In 1958, Taniyama worked as an Associate Professor after years of assistant at the University of Tokyo. He also obtained his doctorate from the University in May. In October, Taniyama was engaged to be married to Misako Suzuki (鈴木美佐子, Suzuki Misako), while the Institute for Advanced Study in Princeton, New Jersey offered him a position.

On 17 November 1958, Taniyama committed suicide by poisoning himself with gas. He left a note explaining how far he had progressed with his teaching duties, and apologizing to his colleagues for the trouble he was causing them. The first paragraph of his suicide note read (quoted in Shimura, 1989):
Until yesterday I had no definite intention of killing myself. But more than a few must have noticed that lately I have been tired both physically and mentally. As to the cause of my suicide, I don't quite understand it myself, but it is not the result of a particular incident, nor of a specific matter. Merely may I say, I am in the frame of mind that I lost confidence in my future. There may be someone to whom my suicide will be troubling or a blow to a certain degree. I sincerely hope that this incident will cast no dark shadow over the future of that person. At any rate, I cannot deny that this is a kind of betrayal, but please excuse it as my last act in my own way, as I have been doing my own way all my life.
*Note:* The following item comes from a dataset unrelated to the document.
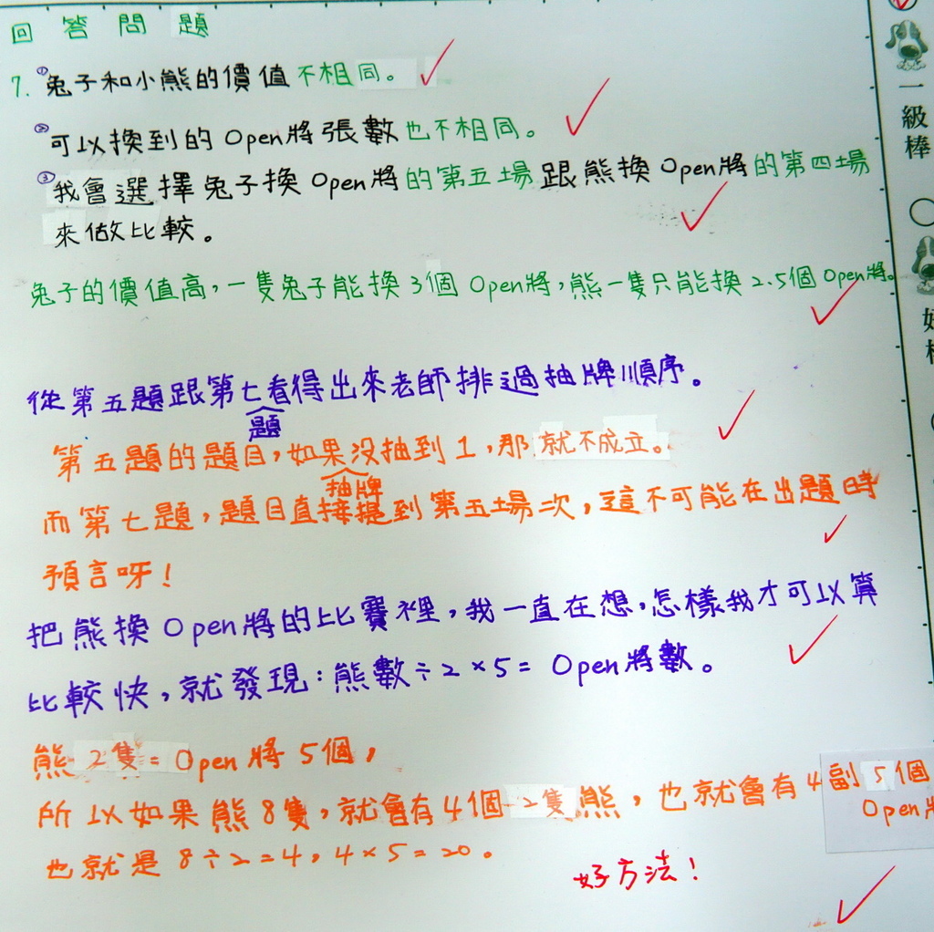 「第二場,我要4隻兔子。」這時候幾乎全班都很快了,當然,還是有兩個小組尚未發現關鍵,仍然一張一張慢慢數,然後才緩慢地站了起來,於是,核對完答案之後,還需要靠同學分享一下想法,互相刺激思考。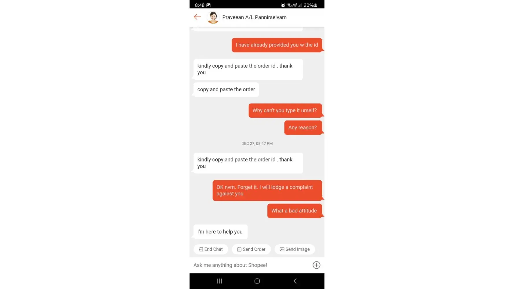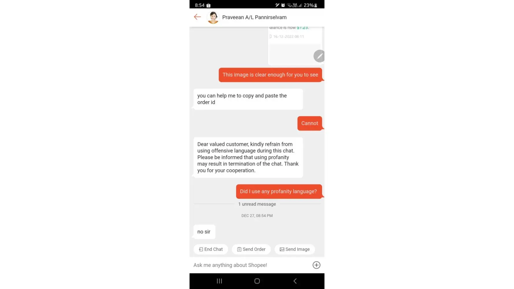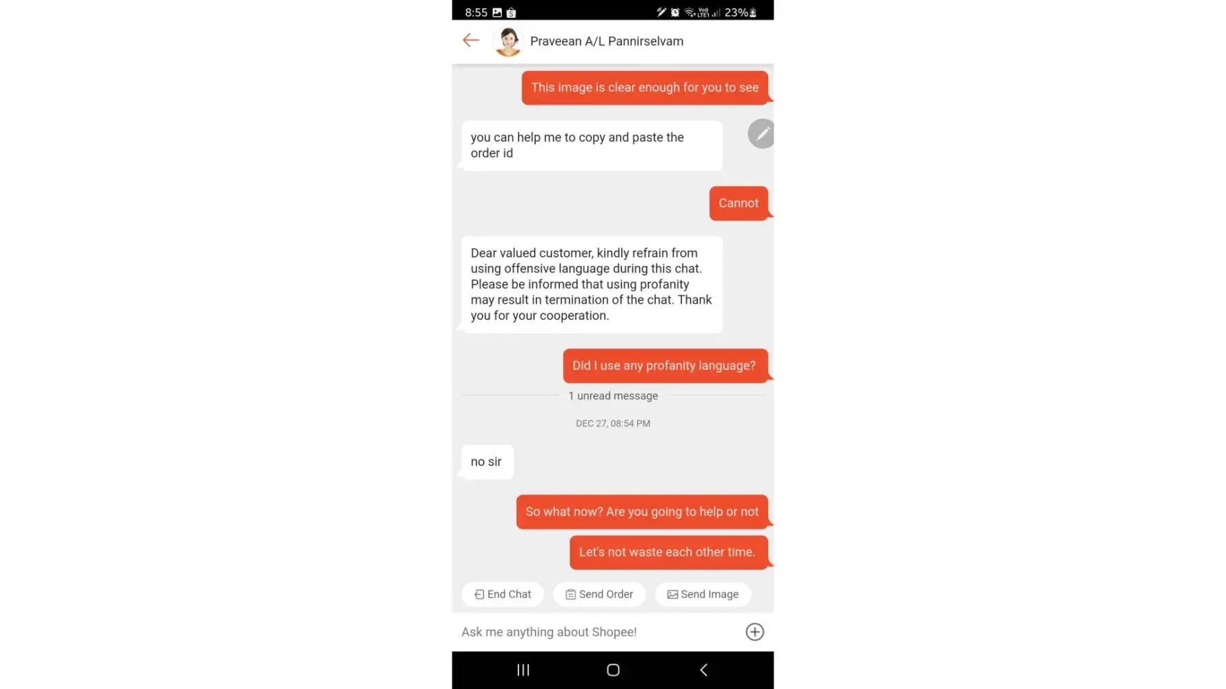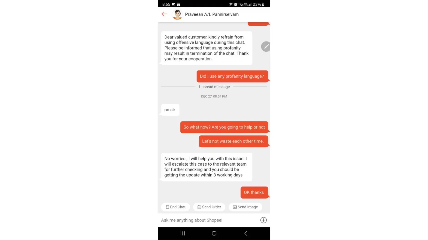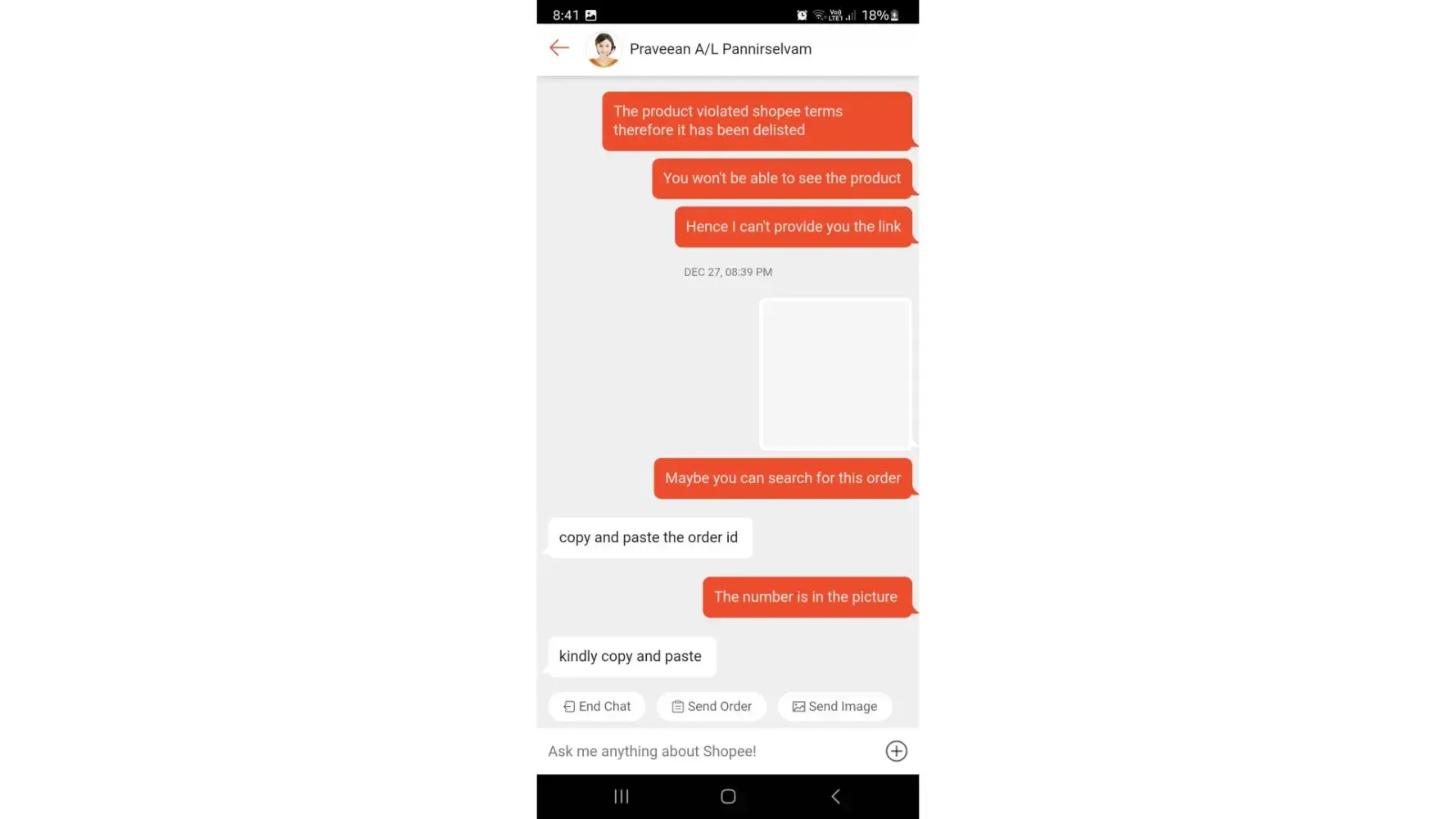 On Tuesday, 27dec22 at around 8pm+ I was supposed to chat with a shopee agent to resolve my item delisted issue but instead of having my issue resolved, I encounter a bad attitude customer service officer by the name of Praveean A/L Pannirselvam.

Although his note is mostly enigmatic it does mention tiredness and a loss of confidence in his future. Taniyama's ideas had been criticized as unsubstantiated and his behavior had occasionally been deemed peculiar. Goro Shimura mentioned that he suffered from depression.

About a month later, Suzuki also committed suicide by gas, leaving a note reading: "We promised each other that no matter where we went, we would never be separated. Now that he is gone, I must go too in order to join him."

After Taniyama's death, Goro Shimura wrote:
To conclude this article, I may ask somewhat rhetorically: Who was Yutaka Taniyama? This is not asked about his stature in the history of mathematics. My concern here is what his existence meant to his generation and especially to me. What I have written may naturally be viewed as a lengthy answer to that question, but to sum up, I should state more clearly one point to which my writing so far has only vaguely alluded: that he was the moral support of many of those who came into mathematical contact with him, including of course myself. Probably he was never conscious of this role he was playing. But I feel his noble generosity in this respect even more strongly now than when he was alive. And yet nobody was able to give him any support when he desperately needed it. Reflecting on this, I am overwhelmed by the bitterest grief.

==Contribution==
Taniyama was best known for conjecturing, in modern language, automorphic properties of L-functions of elliptic curves over any number field. A partial and refined case of this conjecture for elliptic curves over rationals is called the Taniyama–Shimura conjecture or the modularity theorem whose statement he subsequently refined in collaboration with Goro Shimura. The names Taniyama, Shimura and Weil have all been attached to this conjecture, but the idea is essentially due to Taniyama.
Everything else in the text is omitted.